If these forms of suffering happen to young children, the damage is long-lasting. Even lifelong. But when similarly bad things happen to an adult, we expect them to “get over it,” and if it takes them longer than we think it should, we generally turn away from them. After all, the adult has more defences, more cognitive sophistication and ability to “externalize” other people’s nastiness, in effect realizing that the fault lies with the other person. And yes, adults CAN do this much better than kids.

But for any given adult, you never know how powerfully words might affect them. After all, it still hurts to be told terrible things from people you care about, no matter how old you are. And just how deeply those words cut depends on lots of things — like how much you trust and love that person, how vulnerable you have made yourself to them, how many of your secrets you have entrusted to them. AND, how much you heard those same things earlier in your life.

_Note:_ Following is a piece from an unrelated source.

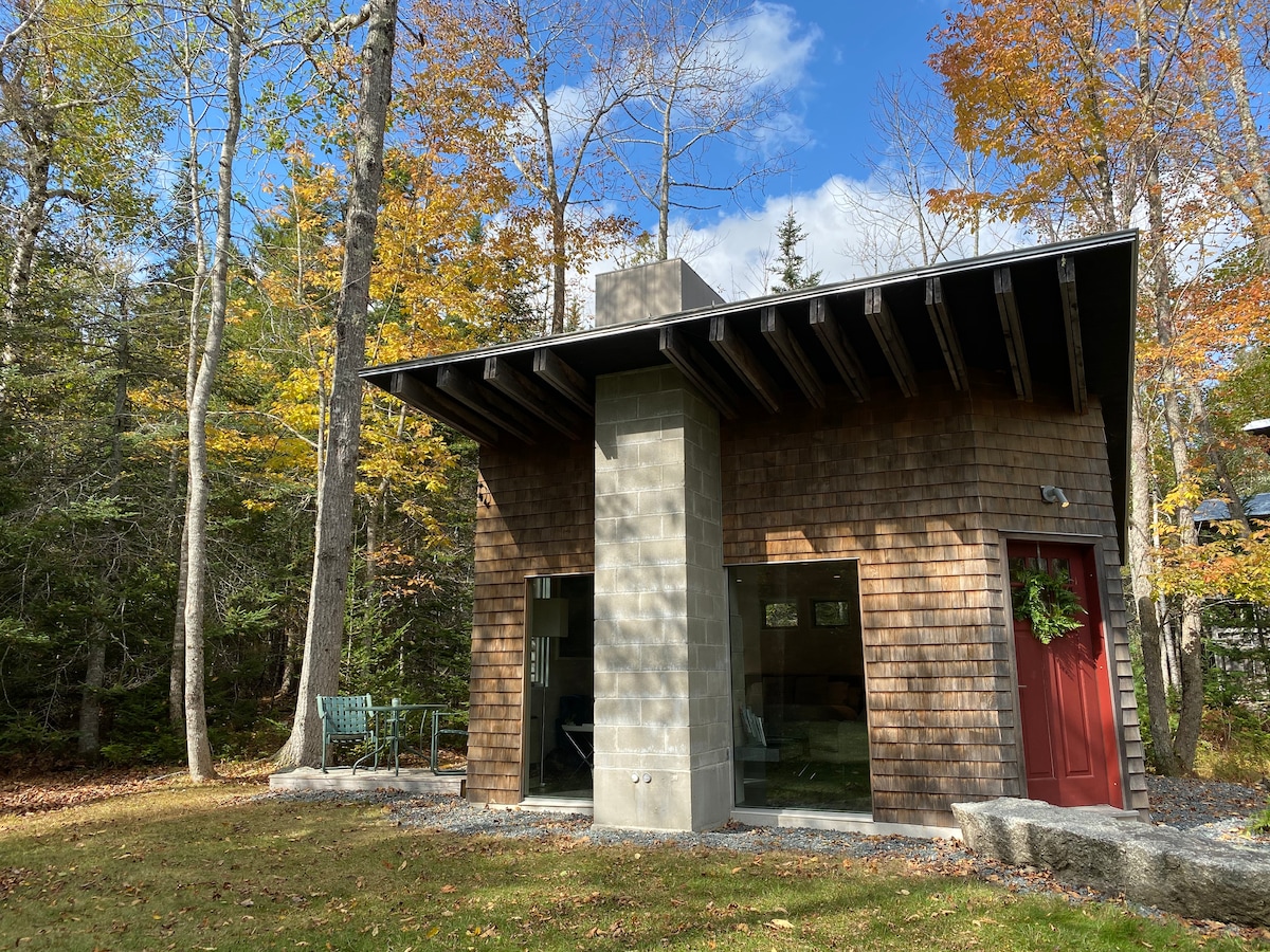 Relax, recharge, & escape here. A unique & peaceful guest house in the woods of Lamoine, Maine with large windows looking out to the woods. Close enough to Bar Harbor / Acadia National Park (45 minutes) but removed from the hustle & bustle. A 10-minute walk down a gravel road to a beach in Lamoine with distant views of Acadia National Park. Enjoy all weather with our new wood stove fireplace surrounded by large windows. We have a comprehensive guidebook for our guests upon check-in.

Because remember, adults were children once, and they still carry around the scars of the words and hurtful actions (or inactions) they were subjected to as children. Most of us have still-unhealed wounds in our psyches, and although we may have been able to cover them with layers of adult sophistication and better life experiences, the wounds are still there, and new hurts can reopen those wounds and bring all that “unprocessed” shit right back.

So when someone who has suffered trauma says “I was triggered”, don’t you dare call them a “snowflake” or judge them. Live their life first, feel their pain in your own tissues, feel the immense courage they tap into, every day, just to get through the day.  And then, see how you feel about them being “triggered”.